Cloud Computing for Data Science

  • Google Cloud Platform (GCP): Interact with Google Cloud Storage using google-cloud-storage.

    • Code: Downloads and uploads a file to Google Cloud Storage.
    pythonCopy code
    from google.cloud import storage
    
    client = storage.Client()
    bucket = client.get_bucket('my_bucket')
    blob = bucket.blob('file.txt')
    blob.download_to_filename('local_file.txt')  # Downloads a file from GCS
    blob.upload_from_filename('local_file.txt')  # Uploads a file to GCS
    
    

Data Visualization

  • Interactive Dashboards: Create interactive dashboards with Dash, a web-based application framework.
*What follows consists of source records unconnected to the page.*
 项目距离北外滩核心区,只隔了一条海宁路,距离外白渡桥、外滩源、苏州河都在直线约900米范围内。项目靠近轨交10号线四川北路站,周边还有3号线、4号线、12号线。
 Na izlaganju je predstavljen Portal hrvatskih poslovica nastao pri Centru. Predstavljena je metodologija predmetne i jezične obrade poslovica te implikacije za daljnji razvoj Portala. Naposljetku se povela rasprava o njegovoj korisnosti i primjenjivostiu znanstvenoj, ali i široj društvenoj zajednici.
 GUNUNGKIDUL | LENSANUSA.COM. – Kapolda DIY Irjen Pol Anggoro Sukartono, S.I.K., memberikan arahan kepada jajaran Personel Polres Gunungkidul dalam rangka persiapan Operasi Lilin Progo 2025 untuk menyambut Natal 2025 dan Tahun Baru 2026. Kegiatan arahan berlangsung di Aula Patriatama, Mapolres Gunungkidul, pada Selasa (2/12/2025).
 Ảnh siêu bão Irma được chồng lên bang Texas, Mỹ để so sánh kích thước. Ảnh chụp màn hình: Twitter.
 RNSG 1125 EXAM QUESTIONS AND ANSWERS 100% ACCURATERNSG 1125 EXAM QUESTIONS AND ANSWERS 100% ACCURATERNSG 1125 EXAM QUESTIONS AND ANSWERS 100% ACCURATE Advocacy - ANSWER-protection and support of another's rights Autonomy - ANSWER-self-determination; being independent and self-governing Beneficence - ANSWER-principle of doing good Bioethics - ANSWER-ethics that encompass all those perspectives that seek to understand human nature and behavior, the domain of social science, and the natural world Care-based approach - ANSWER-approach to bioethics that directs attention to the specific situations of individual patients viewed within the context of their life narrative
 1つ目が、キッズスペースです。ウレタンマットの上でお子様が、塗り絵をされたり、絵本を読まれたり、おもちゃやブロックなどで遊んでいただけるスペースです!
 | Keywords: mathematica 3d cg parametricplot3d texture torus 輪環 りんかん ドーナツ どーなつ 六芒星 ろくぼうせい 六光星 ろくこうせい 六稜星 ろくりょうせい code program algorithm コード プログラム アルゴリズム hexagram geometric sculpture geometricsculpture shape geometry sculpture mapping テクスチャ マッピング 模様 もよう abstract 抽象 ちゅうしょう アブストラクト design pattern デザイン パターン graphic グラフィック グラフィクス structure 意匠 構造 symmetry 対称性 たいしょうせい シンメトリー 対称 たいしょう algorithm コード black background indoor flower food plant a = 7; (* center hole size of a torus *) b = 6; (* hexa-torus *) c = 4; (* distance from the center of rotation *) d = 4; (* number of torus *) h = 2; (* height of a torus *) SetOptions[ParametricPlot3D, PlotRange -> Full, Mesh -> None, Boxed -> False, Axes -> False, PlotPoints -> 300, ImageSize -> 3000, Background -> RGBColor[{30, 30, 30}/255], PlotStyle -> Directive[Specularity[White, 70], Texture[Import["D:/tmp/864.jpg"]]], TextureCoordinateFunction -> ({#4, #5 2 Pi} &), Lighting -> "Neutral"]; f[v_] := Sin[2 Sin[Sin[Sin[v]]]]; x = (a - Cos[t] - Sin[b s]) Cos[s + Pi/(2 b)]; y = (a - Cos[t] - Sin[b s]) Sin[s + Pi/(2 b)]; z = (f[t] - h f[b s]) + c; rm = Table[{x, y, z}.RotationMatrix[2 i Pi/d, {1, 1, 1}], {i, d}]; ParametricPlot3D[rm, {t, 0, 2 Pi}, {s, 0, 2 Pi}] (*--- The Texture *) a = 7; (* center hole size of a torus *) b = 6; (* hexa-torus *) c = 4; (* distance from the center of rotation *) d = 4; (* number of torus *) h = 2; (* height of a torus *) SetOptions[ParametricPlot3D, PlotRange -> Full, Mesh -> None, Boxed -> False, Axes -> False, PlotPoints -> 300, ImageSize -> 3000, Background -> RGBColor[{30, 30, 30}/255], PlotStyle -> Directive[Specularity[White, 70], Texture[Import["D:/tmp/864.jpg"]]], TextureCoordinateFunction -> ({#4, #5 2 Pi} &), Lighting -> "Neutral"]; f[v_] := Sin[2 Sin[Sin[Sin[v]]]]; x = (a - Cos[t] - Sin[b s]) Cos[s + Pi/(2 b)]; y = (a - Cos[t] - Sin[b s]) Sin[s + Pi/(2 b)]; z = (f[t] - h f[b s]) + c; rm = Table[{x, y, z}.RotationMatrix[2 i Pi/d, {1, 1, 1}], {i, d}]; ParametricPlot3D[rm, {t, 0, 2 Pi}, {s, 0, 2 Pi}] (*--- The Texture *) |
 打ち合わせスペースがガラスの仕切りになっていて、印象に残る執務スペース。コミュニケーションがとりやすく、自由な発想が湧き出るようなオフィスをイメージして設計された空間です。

    • Code: Defines a simple Dash app with a bar plot.
    pythonCopy code
    import dash
    import dash_core_components as dcc
    import dash_html_components as html
    
    app = dash.Dash(__name__)
    
    app.layout = html.Div([
        dcc.Graph(
            id='example-graph',
            figure={
                'data': [{'x': [1, 2, 3], 'y': [4, 1, 2], 'type': 'bar', 'name': 'SF'},
                         {'x': [1, 2, 3], 'y': [2, 4, 5], 'type': 'bar', 'name': 'NYC'}],
                'layout': {'title': 'Dash Data Visualization'}
            }
        )
    ])
    
    if __name__ == '__main__':
        app.run_server(debug=True)  # Runs the Dash app
    
    

Version Control and Collaboration

  • Docker: Containerize applications for consistent environments using Docker.
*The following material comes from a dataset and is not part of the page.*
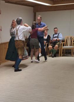 Der Tanzleiter mit Tanzleiterin aus Bad Ischl, mit ihrem Musikanten und einem Tanzpaar, lehrten uns am Abend den „Ischler Landler“ und den „Ischler Steirischen“. Natürlich waren wieder Gstanzlsingen und Poschen mit dabei. Jeden Abend wurde nach dem Schwerpunktprogramm mit Toni und Gerhard noch bis 23 Uhr abgetanzt und anschließend im gemütlichem Stüberl zusammengesessen und wie man so schön im Salzkammergut sagt „trüfelt“.
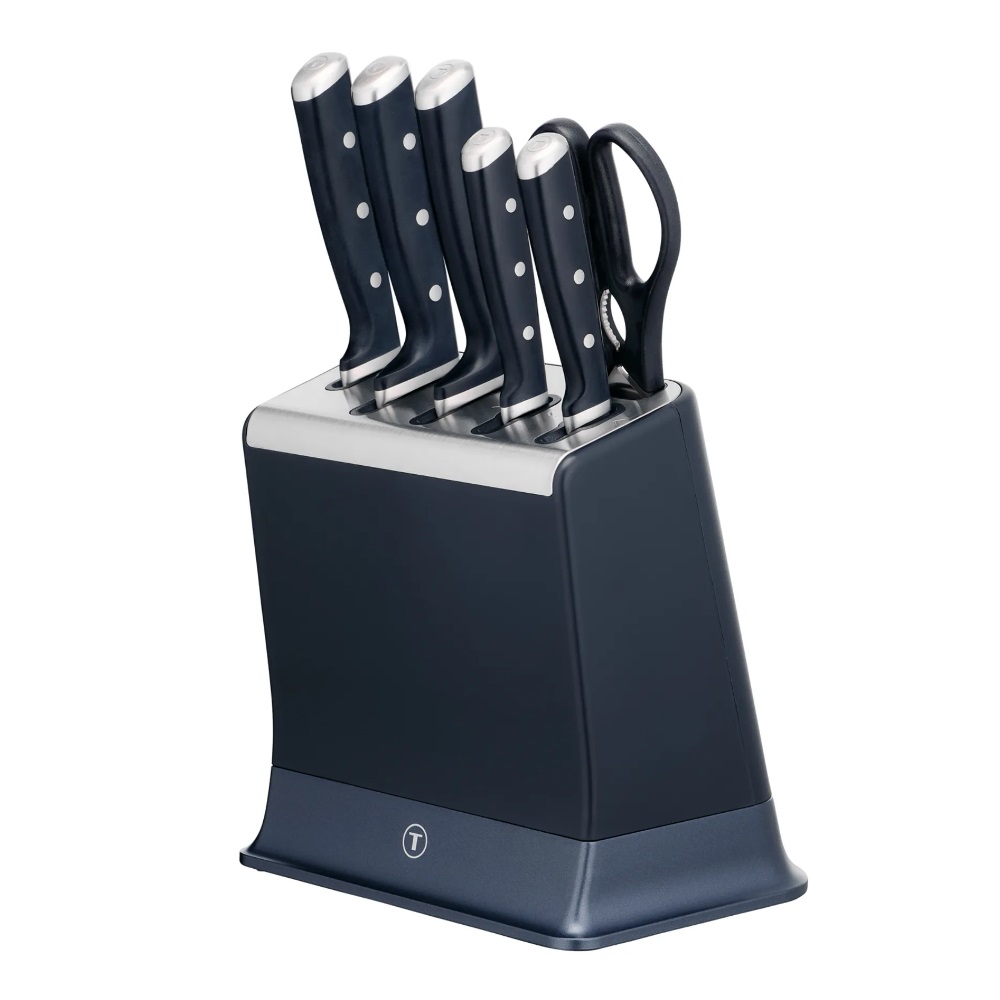 Шеф 20см, Хлебный нож с зубчатым лезвием 20 см, Нож сантоку 18см, Универсальный нож 12 см, Нож для чистки овощей 9 см , Ножницы + Блок

    • Code: Example of a Dockerfile to create a Docker image.
    DockerfileCopy code
    # Dockerfile example
    FROM python:3.8-slim
    
    WORKDIR /app
    COPY requirements.txt requirements.txt
    RUN pip install -r requirements.txt
    COPY . .
    
    CMD ["python", "app.py"]
    
    
  • Kubernetes: Orchestrate containerized applications using kubectl, a command-line tool for Kubernetes.
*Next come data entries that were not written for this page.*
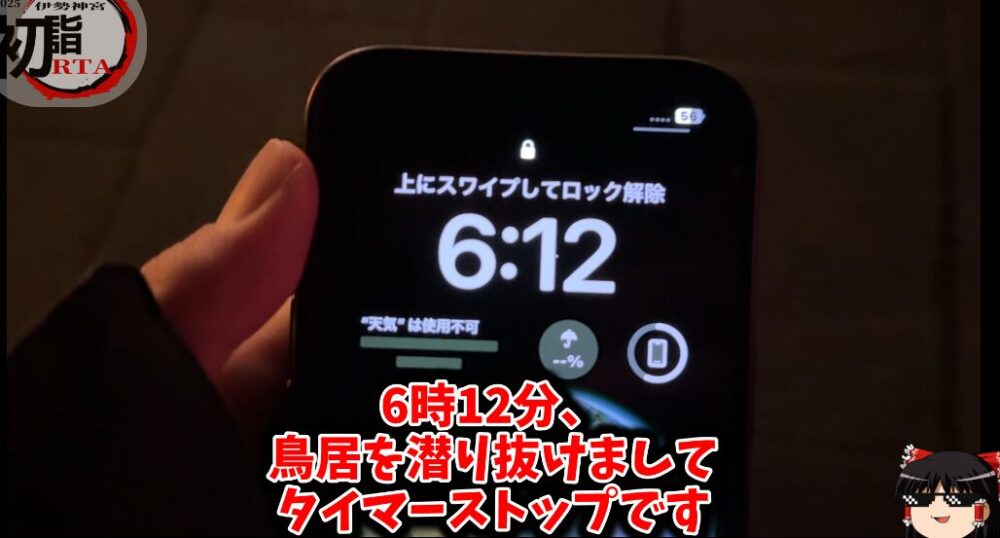 6:12 宇治橋鳥居にてタイマーストップ
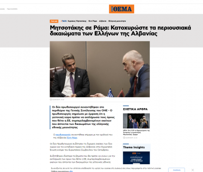 Në veçanti, kryeministri Mitsotakis theksoi çështjen e vetëvendosjes dhe të drejtat pronësore të pakicës etnike Greke në Shqipëri. Në këtë kontekst, Rama shprehu gatishmërinë e tij për të bashkëpunuar me Greqinë për çështje me interes të veçantë për vendin tonë. Mitsotakis pohoi se ishte në favor të perspektivave të pranimit të Ballkanit Perëndimor, me kusht që të përmbusheshin të gjitha kushtet e përcaktuara nga Bashkimi Evropian.
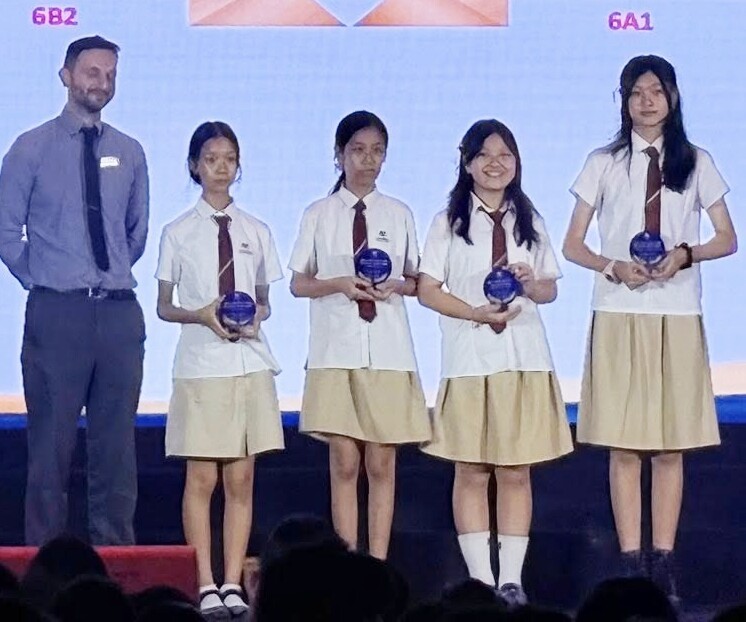Tiểu Panda đứng cao gần bằng thầy giáo người nước ngoài khi lên nhận giải thưởng.

    • Code: Deploys an application to a Kubernetes cluster and lists running pods.
    shCopy code
    kubectl create -f deployment.yaml  # Deploys an application to a Kubernetes cluster
    kubectl get pods  # Lists all running pods in the cluster
    
    

Additional Topics

  • API Development: Create RESTful APIs with Flask, a micro web framework for Python.

    • Code: Defines a simple Flask API with a prediction endpoint.
    pythonCopy code
    from flask import Flask, jsonify, request
    
    app = Flask(__name__)
    
    @app.route('/predict', methods=['POST'])
    def predict():
        data = request.get_json(force=True)
        prediction = model.predict(data['input'])
        return jsonify({'prediction': prediction.tolist()})
    
    if __name__ == '__main__':
        app.run(debug=True)  # Runs the Flask app
    
    

Helpful Libraries

  • Advanced Data Manipulation: pandas, numpy, dask for complex data transformations and handling large datasets.
  • Advanced Data Visualization: plotly, bokeh, dash for creating interactive and complex visualizations.
  • Advanced Machine Learning: scikit-learn, xgboost, lightgbm for building and tuning complex models.
  • Deep Learning: tensorflow, keras, pytorch for advanced neural network architectures and transfer learning.
  • NLP: nltk, spacy, gensim, transformers for sophisticated text processing and language models.
  • Big Data: pyspark, dask, hadoop for big data processing and distributed computing.
  • Cloud Computing: boto3, google-cloud-storage, azure-storage-blob for cloud-based data storage and processing.